The NLC official stressed that the country's workforce remains the absolute, irreplaceable backbone of national development, infrastructure maintenance, and public service delivery. Consequently, employees must be adequately, fairly, and protectively rewarded if the government truly hopes to drive industrial productivity, stimulate domestic consumer spending, and achieve genuine, long-term macroeconomic growth. Upah concluded his address by reminding state actors that the greatest, most valuable asset of any sovereign nation is not its oil reserves or mineral wealth, but the physical and intellectual capacity of its workforce.
The intense public debate over national wage structures has remained a defining, highly explosive political issue ever since the federal administration enacted sweeping economic reforms, most notably the total removal of the long-standing fuel subsidy regime and the complete floating of the naira against foreign currencies. While these policies were designed to stabilize long-term state finances, they immediately triggered massive, multi-fold increases in the prices of essential goods, public transportation, medical services, and housing across the country.

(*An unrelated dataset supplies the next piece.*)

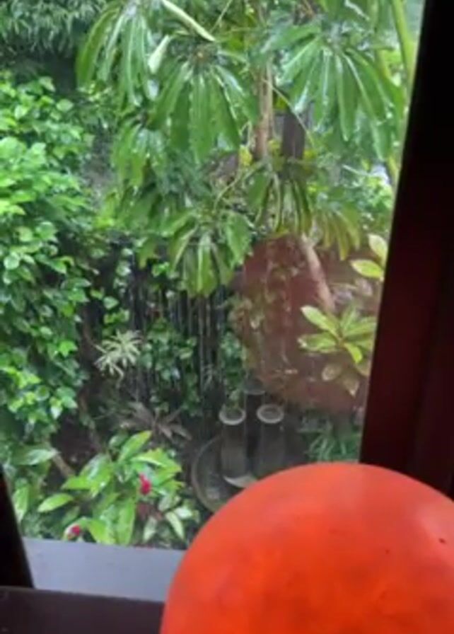 A view from inside a building looking out a window onto a lush, green garden. It is raining heavily, and the raindrops are visible against the greenery. In the foreground, near the bottom of the frame, is a glowing orange sphere. The window frame is dark. The garden includes various types of plants and trees, some with large, palm-like leaves. In the center of the garden, there's a decorative element featuring several cylindrical objects arranged in a circle. The scene is still, capturing the tranquil yet intense atmosphere of a rainy day.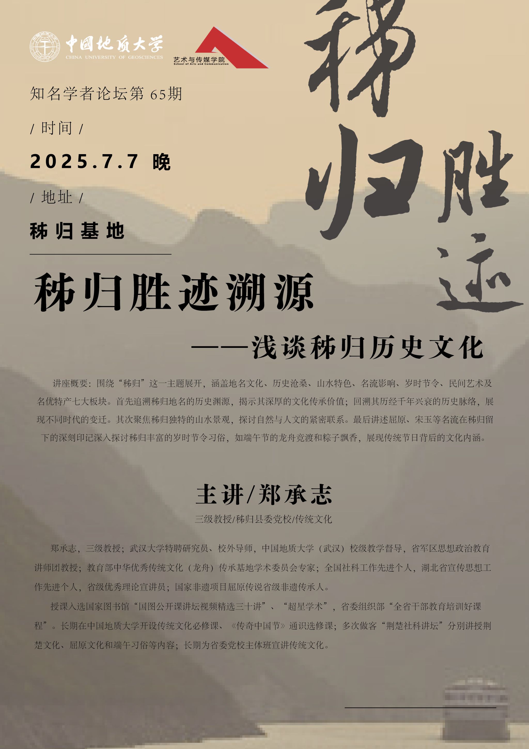 【2025年7月7日】学术讲座:秭归县委党校郑承志教授讲座

In July 2024, the federal government had previously approved a new national minimum wage of N70,000 following months of exhausting, high-stakes negotiations and repeated industrial strike actions by organized labor. That hard-fought agreement successfully replaced the obsolete N30,000 minimum wage structure that had been in active operation since 2019. However, despite that historical increase, labor unions have continuously argued that the N70,000 benchmark was instantly neutralized by subsequent waves of hyper-inflation, leaving public sector employees in a position where their monthly earnings cannot cover basic monthly feeding and commuting expenses. As the tense consultations continue behind closed doors, the Nigeria Governors’ Forum has yet to formally submit any fresh, unified minimum wage proposal to the federal cabinet or organized labor for official legislative consideration.